Sunday, September 6, 2009

Libraries with No Books

A few days ago, I read an online article on The Boston Globe by David Abel. The article was explaining how the New England prep school the Cushing Academy is riding their entire library of our 20,000 books and replacing it with digital screens, places for laptops, etc.

The first question that entered my mind was how the library cannot invite the Library without booksdigital books and books online along with the books? I’m all for the convenience of modern technology, but there are many things that technology cannot completely take the place of without consequences and one of those is books. What has been working well for centuries shouldn’t just end because one generation found an invention they liked better.

It was mentioned in the article that the staff of Cushing believe it is the start of a new era. The problems I foresee, aside from losing the pure love of books, are what if there was a power surge? What about the effects on the eyes as people do more reading on a computer screen? Like the television the computer screen can affect the brain waves as well. The author also pointed out various other problems with digital "books" such as sand, liquids and the cost of accessing the materials as many of the materials online are not free.

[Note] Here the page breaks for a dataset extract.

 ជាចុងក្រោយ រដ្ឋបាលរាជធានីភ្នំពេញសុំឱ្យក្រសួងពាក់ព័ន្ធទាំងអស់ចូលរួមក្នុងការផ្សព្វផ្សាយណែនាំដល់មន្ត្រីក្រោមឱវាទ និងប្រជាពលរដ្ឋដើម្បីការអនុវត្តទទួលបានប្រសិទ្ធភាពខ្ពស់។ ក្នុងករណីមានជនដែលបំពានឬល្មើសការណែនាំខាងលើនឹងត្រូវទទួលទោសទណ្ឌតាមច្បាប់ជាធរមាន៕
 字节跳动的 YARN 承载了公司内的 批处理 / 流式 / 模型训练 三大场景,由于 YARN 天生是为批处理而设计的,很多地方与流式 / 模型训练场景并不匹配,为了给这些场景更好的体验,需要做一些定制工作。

I'm also not in agreement with the library bringing in a coffee shop containing and encouraging the use of legally addictive stimulants for youth. Not just any coffee shop mind you, but a $50,000 coffee shop that will include a $12,000 cappuccino machine.

We travel an hour away to go to libraries in a large city nearest us. We have access to almost twenty libraries that inter-loan. I cannot imagine not being able to browse through the shelves, picking out books that catch my eye. Sometimes the spiral bound cookbooks are my favorites to browse, or books that are warn on the covers and pages dog-earring showing me that this was a well-read and well-loved book.

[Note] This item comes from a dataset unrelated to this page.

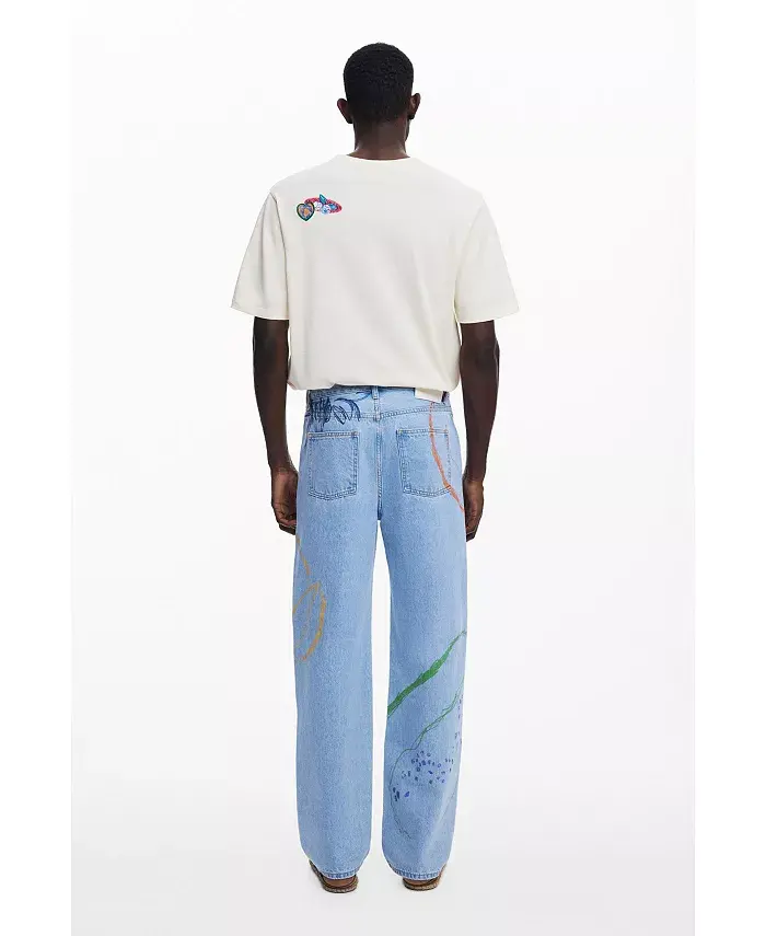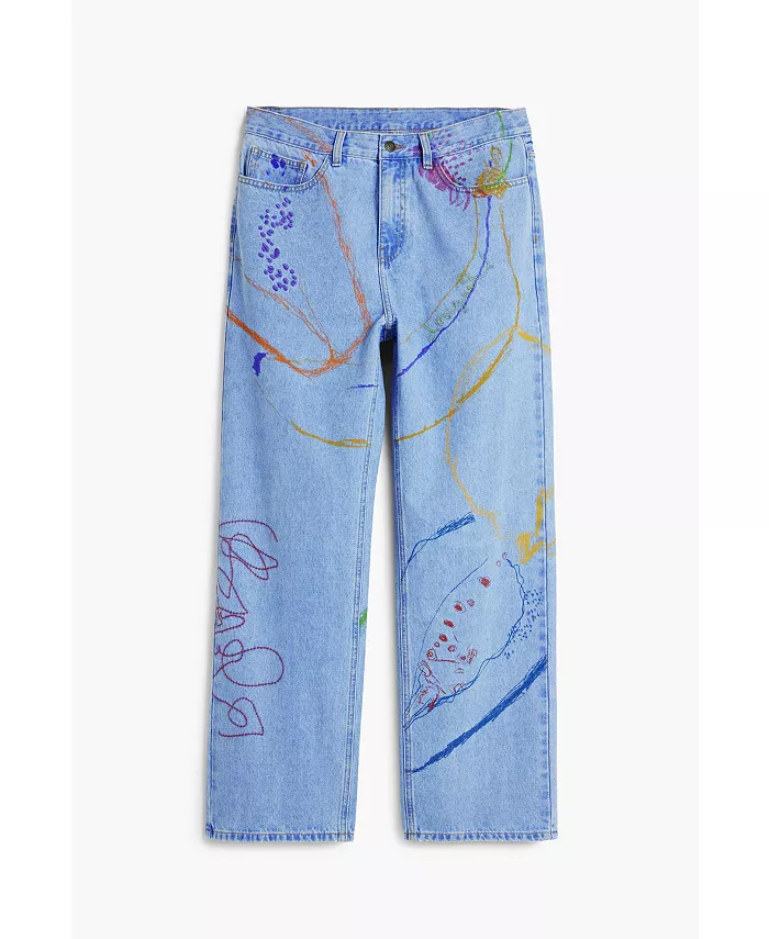Длинные свободные джинсовые брюки с художественными рисунками штрихами в стиле Arty в разных оттенках.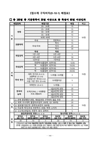 - 160 %u3010%uc810%uc218%uc81c %uad6c%uc9c1%ube44%uc790(D-10-1) %ubc30%uc810%ud45c%u3011%u25a1 %ucd1d 190%uc810 %uc911 %uae30%ubcf8%ud56d%ubaa9%uc774 20%uc810 %uc774%uc0c1%uc73c%ub85c %ucd1d %ub4dd%uc810%uc774 60%uc810 %uc774%uc0c1%uc778%uc790%ubc30%uc810%ud56d%ubaa9%ubc30%uc810%uae30%uc900%ubc30%uc810%ube44%uace0%uae30%ubcf8%uc5f0%ub83920~ 24%uc1381050%uc81025~ 29%uc1381530~ 34%uc1382035~ 39%uc1381540%uc138~49%uc1385%ucd5c%uc885%ud559%ub825%uad6d%ub0b4 %uc804%ubb38%ud559%uc0ac15%uad6d%ub0b4/%uad6d%uc678%ud559%uc0ac15%uc11d%uc0ac20%ubc15%uc0ac30%uc120%ud0dd%ucde8%uc5c5%uacbd%ub825%uad6d%ub0b4%uad6d%uc67870%uc8101%ub144~2%ub1443%ub144~4%ub14453%ub144~4%ub1445%ub144~6%ub144105%ub144%uc774%uc0c17%ub144%uc774%uc0c115%uad6d%ub0b4%uc720%ud559%uc804%ubb38%ud559%uc0ac(%uc878%uc5c5%ud6c4 3%ub144%uc774%ub0b4)5(30)%ud559 %uc0ac(%uc878%uc5c5%ud6c4 3%ub144%uc774%ub0b4)10(30)%uc11d %uc0ac(%uc878%uc5c5%ud6c4 3%ub144%uc774%ub0b4)15(30)%ubc15 %uc0ac(%uc878%uc5c5%ud6c4 3%ub144%uc774%ub0b4)20(30)%uad6d%ub0b4 %uc5f0%uc218%ub300%ud559 %uc5f0%uad6c%uc0dd (D-2-5)%uad50%ud658%ud559%uc0dd (D-2-6)%uad6d%uacf5%ub9bd%uae30%uad00 %uc5f0%uc218(D-4-2)%uc0ac%uc124 %uae30%uad00 %uc5f0%uc218 (D-4-6)12%uac1c%uc6d4~18%uac1c%uc6d4319%uac1c%uc6d4%uc774%uc0c15%uc5b4%ud559%uc5f0%uc218 (D-4-1)12%uac1c%uc6d4~3%ud55c%uad6d%uc5b4 %ub2a5%ub825%ud1a0%ud53d(TOPIK) / %uc0ac%ud68c%ud1b5%ud569%ud504%ub85c%uadf8%ub7a8(KIIP)5%uae09/5%ub2e8%uacc4 %uc0c1%ub2f9204%uae09/4%ub2e8%uacc4 %uc0c1%ub2f9153%uae09/3%ub2e8%uacc4 %uc0c1%ub2f9102%uae09/2%ub2e8%uacc4 %uc0c1%ub2f95%uac00%uc810%u2460 %uad00%uacc4 %uc911%uc559%ud589%uc815%uae30%uad00%uc7a5, %uc7ac%uc678%uacf5%uad00%uc7a5 %uad6c%uc9c1%ube44%uc790 %ubc1c%uae09 %ucd94%ucc9c2070%uc810%u2461 %uc138%uacc4 %uc6b0%uc218%ub300%ud559 %uc878%uc5c5%uc790(%ud0c0%uc784%uc9c0 200%ub300, QS 500%ub300) 20%u2462 %uae00%ub85c%ubc8c%uae30%uc5c5%uadfc%ubb34 %uacbd%ub825%uc790(%ud3ec%ucc9c%uc9c0 500%ub300)20%u2463 %uc774%uacf5%uacc4 %ud559%uc0ac(%uad6d%ub0b4 %uc804%ubb38%ud559%uc0ac %ud3ec%ud568) %ud559%uc704 %uc18c%uc9c0%uc7905%u2464 %uace0%uc18c%ub4dd(5%ub9cc%ub2ec%ub7ec) %uc804%ubb38%uc9c1 %uc885%uc0ac %uacbd%ub825%uc7905%uac10%uc810%ucd9c%uc785%uad6d%uad00%ub9ac%ubc95 %uc704%ubc18(%ub2e8%uc704: %ub9cc %uc6d0)%ud615%uc0ac%ucc98%ubc8c %uc804%ub825(%ub2e8%uc704: %ub9cc %uc6d0)%ubc94%uce59%uae08300 %uc774%uc0c1 %ubc94%uce59%uae08100%uc774%uc0c1~300%ubbf8%ub9cc%ubc94%uce59%uae0850%uc774%uc0c1~100%ubbf8%ub9cc%ubc8c%uae08%ud615300 %uc774%uc0c1%ubc8c%uae08%ud615200%uc774%uc0c1~300%ubbf8%ub9cc%ubc8c%uae08%ud615200 %ubbf8%ub9cc-30-10-5-30-10-5-%uc2e0%uccad%uc77c%ub85c%ubd80%ud130 5%ub144 %uc774%ub0b4 %ucc98%ubd84%uae08%uc561%uc758 %ud569%uc0b0%uc561 %uae30%uc900(%uacfc%ud0dc%ub8cc %ubbf8%ud3ec%ud568),%u24b6%uc640 %u24b7 %ud56d%ubaa9 %uac04 %ud569%uc0b0 %uc810%uc218 %uc801%uc6a9(%uc911%ubcf5 %uc0b0%uc815)- %u3010%uc8fc%uc758%u3011%uc2e0%uccad%uc77c%ub85c%ubd80%ud130 3%ub144 %uc774%ub0b4%uc5d0 %ubc94%uce59%uae08%uc744 %ubc1b%uc544 %uff62%uccb4%ub958%ud5c8%uac00 %uc81c%ud55c %ud1b5%ud569%uae30%uc900%uff63%uc5d0 %ub530%ub77c %uccb4%ub958%ud5c8%uac00 %uc81c%ud55c%ub418%uac70%ub0983%ub144 %uc774%ub0b4%uc5d0 300%ub9cc %uc6d0 %uc774%uc0c1%uc758 %ubc8c%uae08%ud615%uc744 %ubc1b%uc740 %uc0ac%ub78c%uc740 %uc790%uaca9 %uc81c%ud55c %ub300%uc0c1%uc784

I write ebooks and articles, most of which are featured online. That still doesn’t replace the value of a book in my mind. Call me old fashioned but I love a book, a real book.

-Shiloah B.


Photo of old books by:  Ivan Vicencio (Pepo)

2 comments:

The Greevers Posse said...

Reminds me of the movie (2002 version) The Time Machine. The main character enters into the future where there are no books, libraries or museums…all is replaced by a digitalized hologram tour guide.
Fate would have it that everything was destroyed by means of catastrophe and thus leaving this computerized system useless.

As a result, not having any books, civilization receded to a primitive state because all means of education were lost.

The only way we can successfully preserve our history & secure our education for the future is through the preservation of our literature more specifically, the classics.

* said...

"Without libraries what have we? We have no past and no future." -- Ray Bradbury.

In graduate school we discussed the demise of the library, the book. (I have a MLIS, that is, a Masters in Library & Information Science.) That was back in 1998 before the Kindel, the Iphone, and mass owned hand-held reading devices.

Technology keeps evolving and the beauty of a good Librarian is that he/she taps into that and evolves along with it, to some degree.

But getting rid of all books in a library in favor of technology? What kind of Librarian would do that? None that I know and certainly not me.